Gold, frankincense, and merde, Flynn..., life's all shit sometimes but even then it smells...

He laughs, the high cackle.

Merde's what the Frog's say up Kay-beck way... Knew enough Frenchy loggers in my early years, Flynn. Played my first baseball with an ash branch and a buggy bolt wrapped into a ball of deerhide. There wazza fella named She'll Bear, a Frog lumberjack, craziest man I ever knowed. She'll Bear used'ta sink his axe into the center of the table ever-time he sat down, slicing his bread over the open edge and otherwise feeling over it with his greasy, leather thumb, always looking for nicks... He laughed like a loon but he was the sanest man I ever knowed after his fashion. Ever week or so the cook house boy'd have to replace the table slab where She'll Bear split it with his cutlery...

Yessir, Flynn, 'tis the quiet frogs you watch for, in cookhouses and clubhouses, as well as life as it's led on the larger pond...

He laughs again, memory a flash in his rheumy eye.

Time in Vermont...he-he-he...just over the border, four of us'n skinnydippin in a spring pond and the frogs was stacked up like green flapjacks humping away, and old Roger here's feeling the mood rise in him and his wand cuts the top of the water like a fat pink reed...

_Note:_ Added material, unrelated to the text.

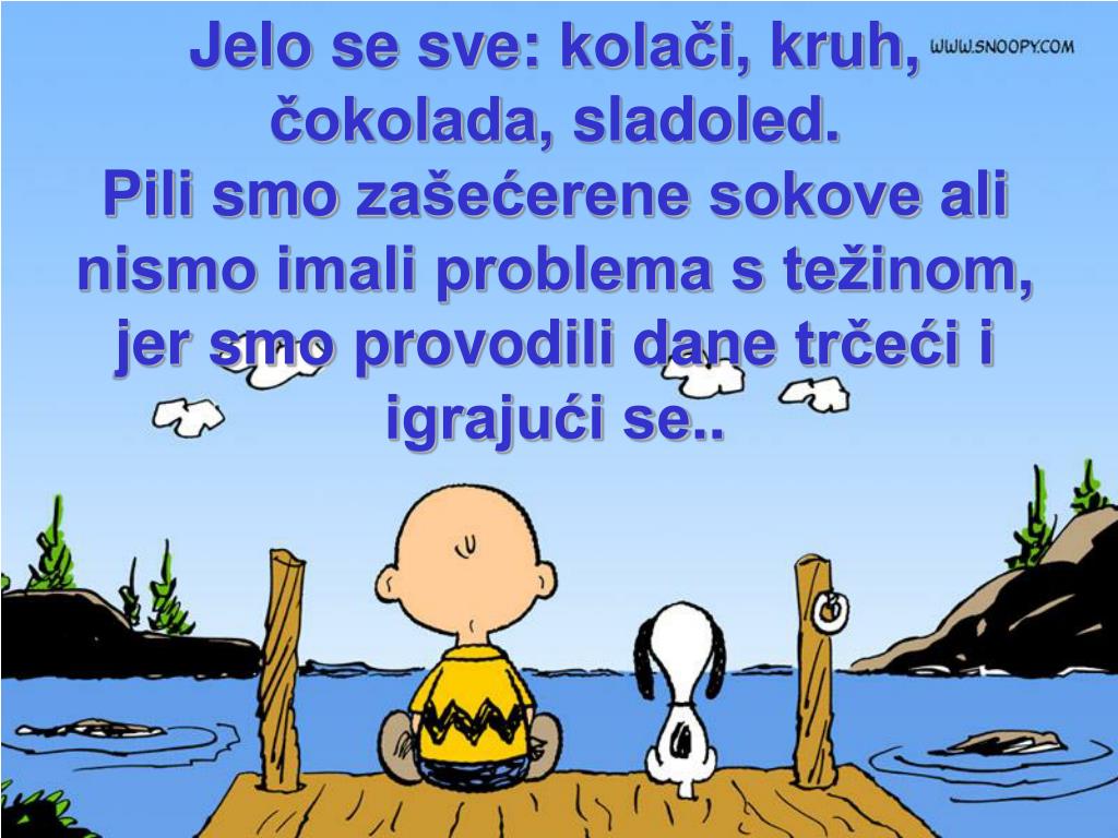Jelo se sve:kolači, kruh, čokolada, sladoled. Pili smozašećerene sokovealinismo imali problema s težinom, jer smoprovodili danetrčećii igrajući se..

He-he-he, the girls that was with us ran for their clothes and prob'ly clear back into town. Hellfire, even I stayed away from him, Flynn. Only man I ever knowed was riled by frogs...

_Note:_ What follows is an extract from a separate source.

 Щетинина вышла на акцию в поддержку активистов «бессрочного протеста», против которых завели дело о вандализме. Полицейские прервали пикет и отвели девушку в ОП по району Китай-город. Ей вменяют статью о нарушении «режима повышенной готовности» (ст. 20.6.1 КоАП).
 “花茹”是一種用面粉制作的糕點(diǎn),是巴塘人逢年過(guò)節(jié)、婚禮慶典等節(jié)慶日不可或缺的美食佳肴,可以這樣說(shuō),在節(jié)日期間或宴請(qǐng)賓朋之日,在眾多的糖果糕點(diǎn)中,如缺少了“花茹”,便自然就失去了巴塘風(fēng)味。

Koufax spun out fifteen K's the first game of the Series... Koufax was what I remember most of the early years. I learned something there, Willard. Turned from bein' only red meat watching that man...

Christ, I remember things... That's my curse, in fact, Flynn, that's why I'm making a book. I remember things but when I coax em to my tongue they go away like fireflies when the dew settles. Left wet's the story of my life, Flynn, or anyone's for that matter. Never knew scheiss about weather. Fellows could look at a blue sky and pretend to spy some haze there. "Rain by five," they'd say, "Rain by five..." You want to sit out in the drizzle and deny it, they were so damn fine-minded about it. Best I could ever tell was that a slap of warm wind in February meant you'd freeze by morning. The Lord's torture on the heathen is a warm Feb'rary breeze, Flynn. A yawn fom hell and three days from the Yukon...

He cackles again.

"It's the water will kill you, Willard," Flynn said. "My whole family went by water of one sort or another. Ain't germs you should worry about, it's water. Begin there, end there..."

Willard walks sprightly to the closet and cackles, opens the door to show the shelves of bottled water, in plastic jugs and ball jars, each holding a little wave, glinting in the late sun.